Allerdings darf nach der Rechtsprechung des Bundesverfassungsgerichts (Breith 2005, 803) diesbezüglich die
Hauptsache nicht vorweggenommen werden. Es ist ein Abschlag vom Regelsatz vorzunehmen, wobei regelmäßg 30
% sachgerecht erscheinen (vgl. auch § 31 Abs 1 Satz 1 SGB II, wo der Gesetzgeber eine 30-prozentige Absenkung
für hinnehmbar hält). Bei einem Regelsatz von 345,00 EUR sind demgemäß 242,00 EUR (gerundet nach § 41 Abs 2
SGB II) als vorläufige Leistung zu gewähren.
Leistungen im Rahmen des einstweiligen Rechtsschutzes sind dem ASt jedoch erst ab Entscheidung des Senats zu
gewähren, denn nach der ständigen Rechtsprechung des Senats sind für vergangene Zeiträume keine Leistungen im
Eilverfahren zuzusprechen und besondere Umstände, die eine andere Entscheidung erforderlich machen würden, sind
nicht ersichtlich.
b) Die Bewilligung von Unterkunftskosten scheitert bereits am Vorliegen eines Anordnungsgrundes. Nach den
Ermittlungen der Ag lebt der ASt derzeit zusammen mit der Eigentümerin des Wohnwagens in einem Wohnwagen. Er
hat bislang nicht glaubhaft gemacht, dass ihm derzeit Unterkunftskosten entstehen.

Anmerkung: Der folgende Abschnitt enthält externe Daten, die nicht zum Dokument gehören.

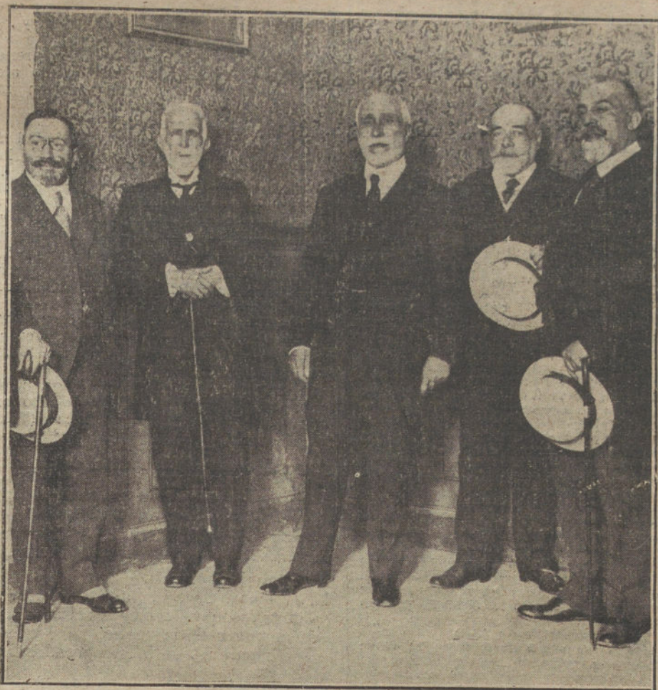
D. Antonio Maura, al terminar su conferencia de ayer en la Real Academia de Jurisprudencia y Legislación.

Ginés, á practicar determinados trabajos.
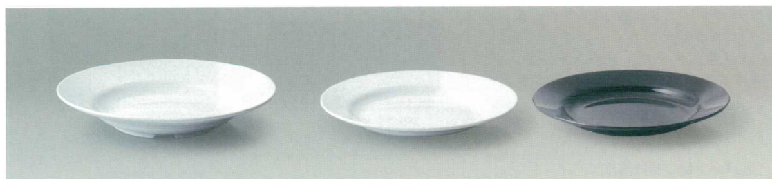
M-40 スープ皿 230×38(810ml) ¥750 ▲

3. Bezüglich der weiteren, zahlreichen vom ASt verfolgten Ziele hat die Bechwerde keinen Erfolg. Denn hierbei
handelt es sich jeweils um die Bewilligung von einmaligen Leistungen bzw. Beihilfen oder Leistungen ohne
existenzsichernden Charakter, bezüglich derer der ASt zumutbar auf das Hauptsacheverfahren verwiesen werden
kann, nachdem der ASt aufgrund dieses Beschlusses existenzsichernde Leistungen vorläufig erhält.
Die Kostenentscheidung beruht auf entsprechender Anwendung des § 193 SGG. Dabei ist berücksichtigt, dass der
ASt zahlreiche erfolglose Begehren verfolgt und im Schwerpunkt seines Begehrens, nämlich die Gewährung laufender
Leistungen zur Sicherung des Lebensunterhaltes lediglich bezüglich des Regelsatzes, nicht aber der
Unterkunftskosten Erfolg hat.
Dieser Beschluss ist unanfechtbar, § 177 SGG.